For a complex case, it was regrettable that the key social worker (SW1) was so inexperienced; indeed, she had not dealt with a sexual abuse case before. She gave the appearance (in her evidence to me, which chimed with the transcript of her evidence before HHJ Anderson) of someone who was struggling with the case. I felt that she was probably rather impressionable, and could possibly be (or at least feel) pressurised by her seniors or others; she told HHJ Anderson that she was advised by her manager and the legal department that the Local Authority was going to take a particular line in the case, albeit that it did not accord with her view (see the quote from the e-mail at [33] above). She described herself in that earlier hearing as “just part …I am the social worker part of the process”, and disputed that she had instructed the department “to seek findings”. She said that she had not been party to any conversation about the obtaining of expert evidence to counter the LGC Forensics paper, although would have expected to be so. The Guardian picked up this dynamic; he felt that SW1 had been “instructed” by her legal team to take the line she did in relation to the case, perhaps against her better judgment. I concur with the Guardian’s analysis.

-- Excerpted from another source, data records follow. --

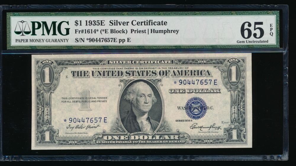 One 1935E $1 Silver Certificate PMG 65EPQ.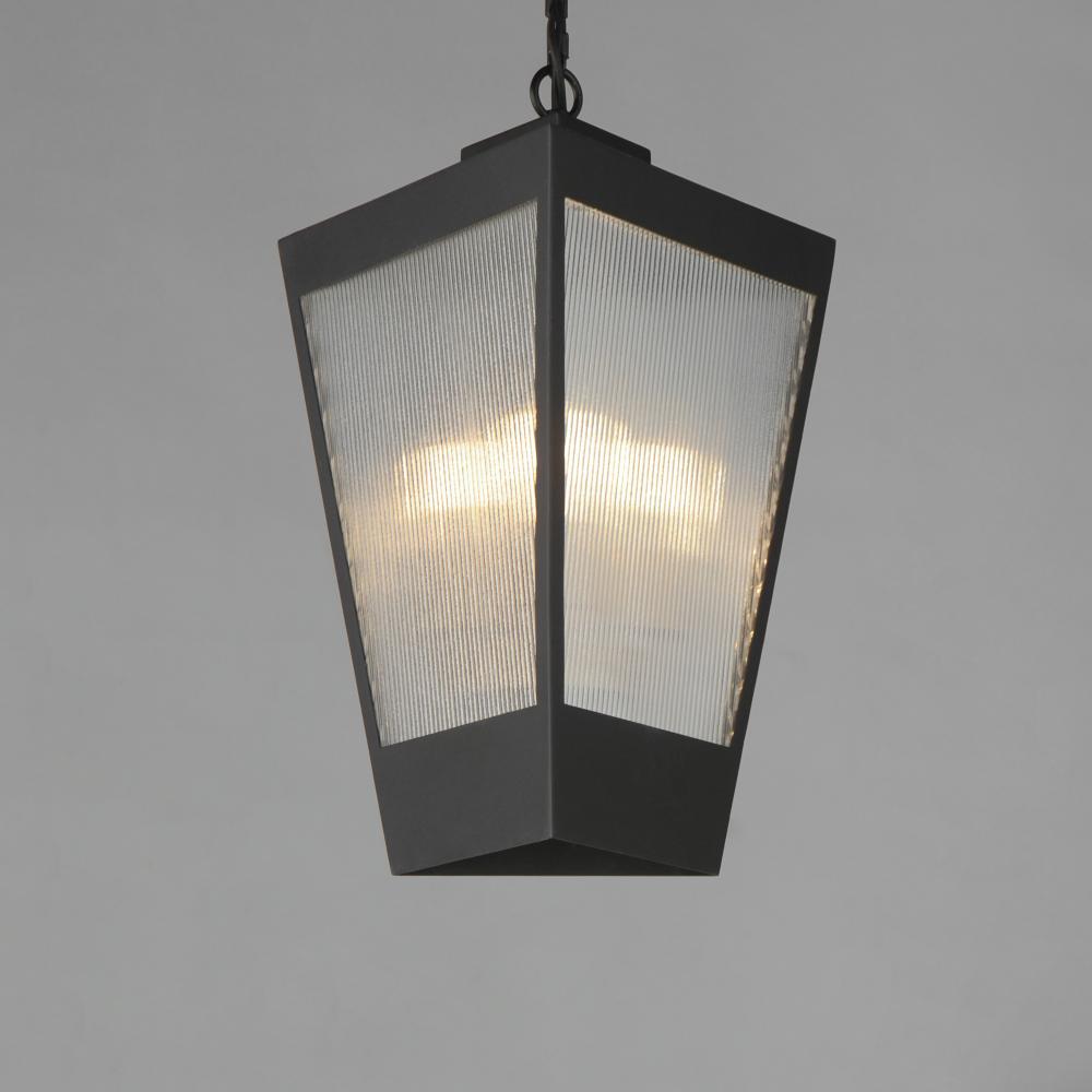 A transitional design suitable for both modern and more traditional applications, this outdoor series of lighting features Clear Ribbed glass that refracts the light source within triangular frames. A Black frame with warm Antique Brass light clusters with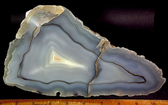 Agates mostly occur as nodules in volcanic rocks or waters containing Silica in solution which is possibly derived from the decomposition of Silicates in the lava. The Siliceous matter is deposited in regular layers resulting in the banded or striped formation. It is very unlikely that you would ever find an exact duplicate of any type of Agate, Brazilian or other.

I do not believe that there was any evidence of professional misconduct or negligence on the part of the Local Authority lawyer or social worker; nor do I consider that there was a loss of objectivity, as alleged. Regrettably I sensed that the Local Authority’s case management was rudderless, lacking in supervision, hampered by a lack of clear information, overly influenced by DS Hudson’s misguided perception of the case, at times incoherent, and (as I indicated above: [91](ii)) almost always reactive rather than proactive.
Findings: West Yorkshire Police:
Disclosure: The failures of the West Yorkshire Police to comply with its duty of disclosure in this case were extensive; these failures regrettably pervaded the entire course of the case; I consider that it extended the litigation, and ultimately influenced its outcome.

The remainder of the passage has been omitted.